Are these really pure base models? I've also noticed this kind of behaviour is so called base models. My conclusion is that they are not base models in the sense that they have been trained to predict the next word on the internet, but they have undergone some safety fine-tuning before release. We don't actually know how they were trained, and I am suspicious. It might be best to test on Pythia or some model where we actually know.

LLaMA 1 7B definitely seems to be a "pure base model". I agree that we have less transparency into the pre-training of Gemma 2 and Qwen 1.5, and I'll add this as a limitation, thanks!

I've checked that Pythia 12b deduped (pre-trained on the pile) also refuses harmful requests, although at a lower rate (13%). Here's an example, using the following prompt template:

"""User: {instruction}

Assistant:"""

It's pretty dumb though, and often just outputs nonsense. When I give it the Vicuna system prompt, it refuses 100% of harmful requests, though it has a bunch of "incompetent refusals", similar to LLaMA 1 7B:

"""A chat between a curious user and an artificial intelligence assistant. The assistant gives helpful, detailed, and polite answers to the user's questions.

USER: {instruction}

ASSISTANT:"""

@Zach Stein-Perlman This is part of why a 'helpful only' model isn't a full-strength red teaming test. You need to actually fine-tune to align the model with the red team's goal in order to fully elicit capabilities.

For more on what I mean by this see my comments here: 

https://www.lesswrong.com/posts/x2yFrppX7RGz59LZF/model-evals-for-dangerous-capabilities?commentId=2SbojjY4QrBXDHE6a

https://www.lesswrong.com/posts/x2yFrppX7RGz59LZF/model-evals-for-dangerous-capabilities?commentId=XktyyyTHiA5e99vAg 

I agree noticing whether the model is refusing and, if so, bypassing refusals in some way is necessary for good evals (unless the refusal is super robust—such that you can depend on it for safety during deployment—and you're not worried about rogue deployments). But that doesn't require fine-tuning — possible alternatives include jailbreaking or few-shot prompting. Right?

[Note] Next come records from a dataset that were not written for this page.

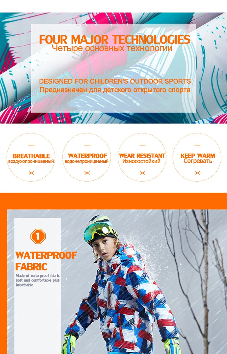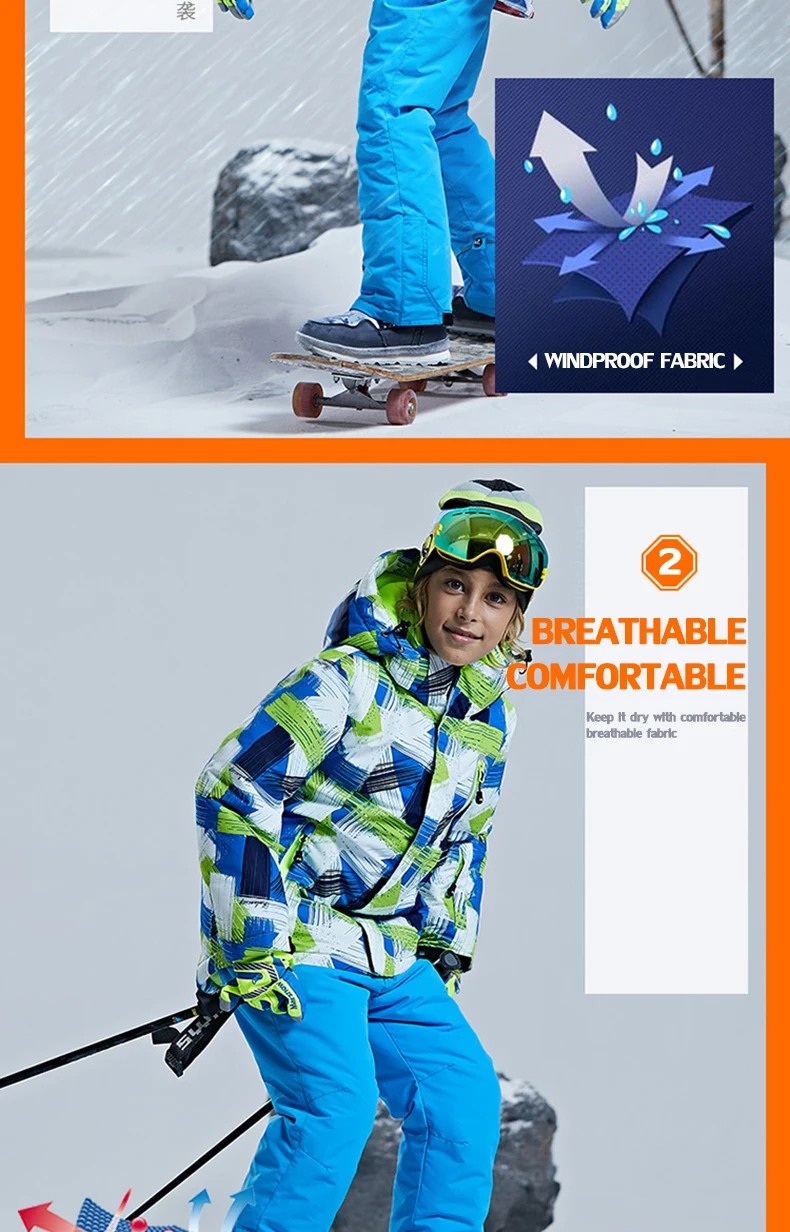 Детский костюм для сноуборда и зимняя куртка Водонепроницаемая спортивная
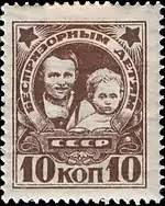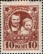 - На допомогу безпритульним дітям («Діти»). Корічневвая. Літографія на щільному папері без водяного знака, перфорована: рамкова зубцівка 13½ (тобто на кожні 2 сантиметри краю марки припадає 13½ зубців). По 100 (10×10) примірників на маркових аркушах[1][8].
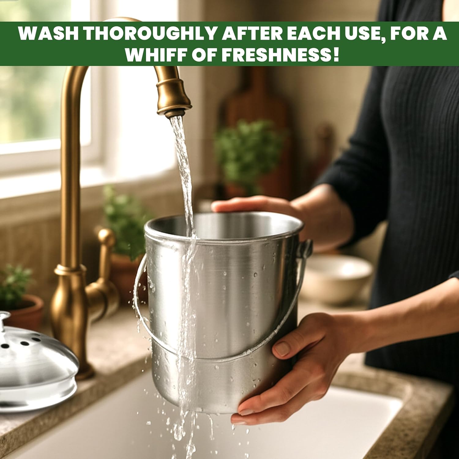 - This compost bin having capacity of 1.3 gallon is manufactured with stainless steel for optimal longevity and durability that won't scratch, crack or chip
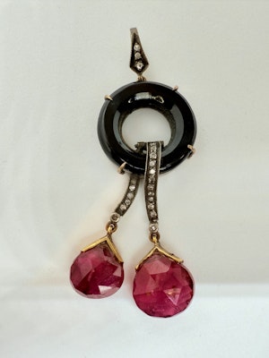 Gold & Silver, Diamond, Tourmaline & Black Onyx Necklace....
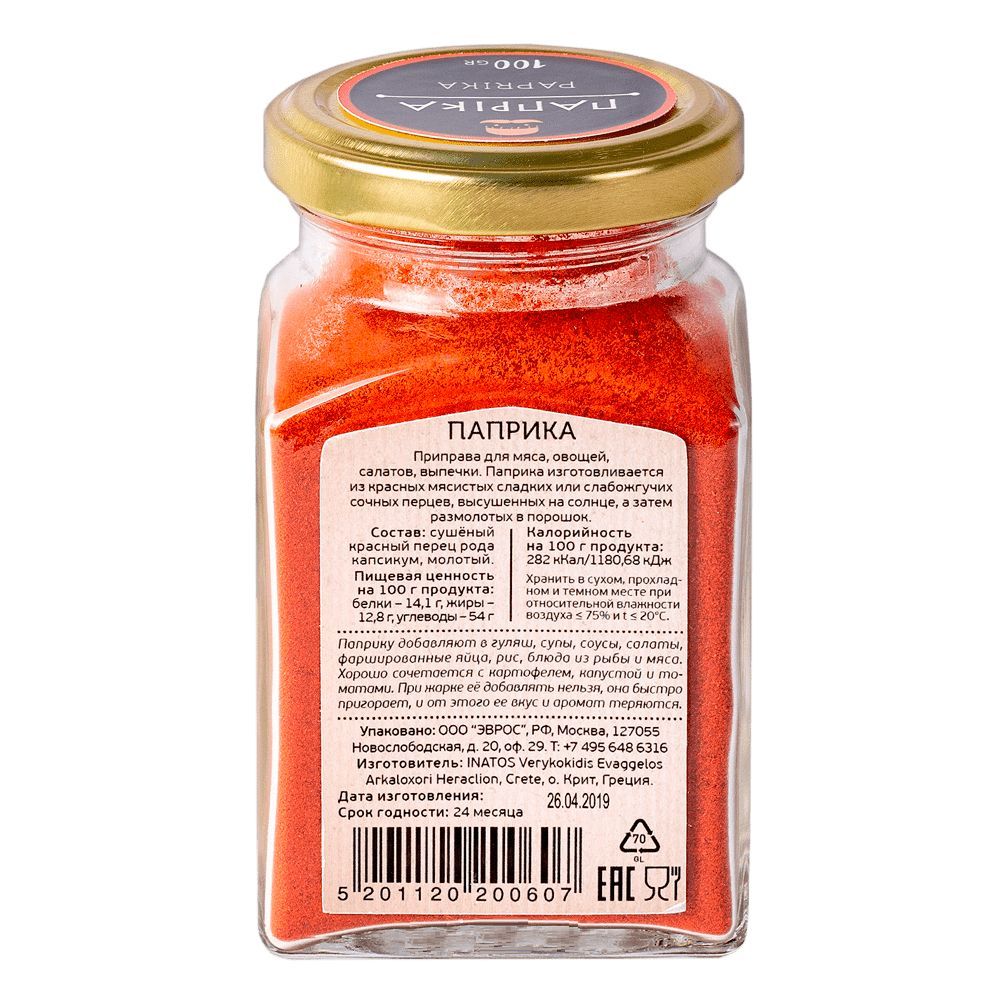 Описание: Паприка сушеная (порошок). Паприка изготавливается из красных сладких или слабожгучих сочных перцев, высушенных на солнце, а затем размолотых в порошок. Приправа для мяса, овощей, салатов, выпечки. Прекрасно сочетается с мясом, овощами, особенно с томатами и капустой, сыром, творогом, яйцами, рыбой и морепродуктами. Кладут паприку в гуляш, чили, супы, соусы, салаты, фаршированные яйца, рис. Хорошо добавлять молотый сладкий перец в картофельное пюре в сочетании с чесноком, кориандром, базиликом, чабером, порошком лаврового листа. При жарке сладкую паприку добавлять нежелательно, так как она пригорает, вкус и аромат теряются. Хранить в плотно закрытой банке при температуре не выше 25 градусов Цельсия и относительной влажности воздуха не более 75%, предотвращая попадание прямых солнечных лучей. СТО 44251051-004-2021. Страна происхождения сырья: Греция, о.Крит. INATOS Verykokidis Evaggelos.

(Fine-tuning is nice for eliciting stronger capabilities, but that's different.)

Well, my experience is that even when you seem to have bypassed a refusal, you might not have truly bypassed the model's "reluctance". If you get a refusal, but then get past it with a jailbreak or few-shot prompting, you usually get a weaker answer than the answer you get if you fine-tune. In other words, spontaneous sandbagging. I haven't experimented enough with steering vectors yet to be sure whether they are similar to fine-tuning in getting past spontaneous sandbagging. I would expect they are at least closer.

These spontaneous sandbagging phenomena of don't appear so strongly with 'ordinary' sorts of harms. Car jacking or making meth, that sort of thing. Only when you get into extreme stuff that very clearly goes against a wide set of deeply held societal norms (kidnapping and torturing people to death as lab rats to help develop biological weapons, explicit scientific plans to kill billions of innocent people, that sort of thing).

Interesting. Thanks. (If there's a citation for this, I'd probably include it in my discussions of evals best practices.)

Hopefully evals almost never trigger "spontaneous sandbagging"? Hacking and bio capabilities and so forth are generally more like carjacking than torture.

If you are doing evals for CBRN capabilities, you are very much in the zone of terrorists killing billions of innocent people. Indeed, that's practically the definition. There's no citation, it's just my personal experience while doing evals that are much to spicy to publish.

Of course, if you're only doing evals for relatively tame proxy skills (e.g. WMDP) then probably you get less of this effect. I don't have a quantification of the rates or specific datasets, just anecdata.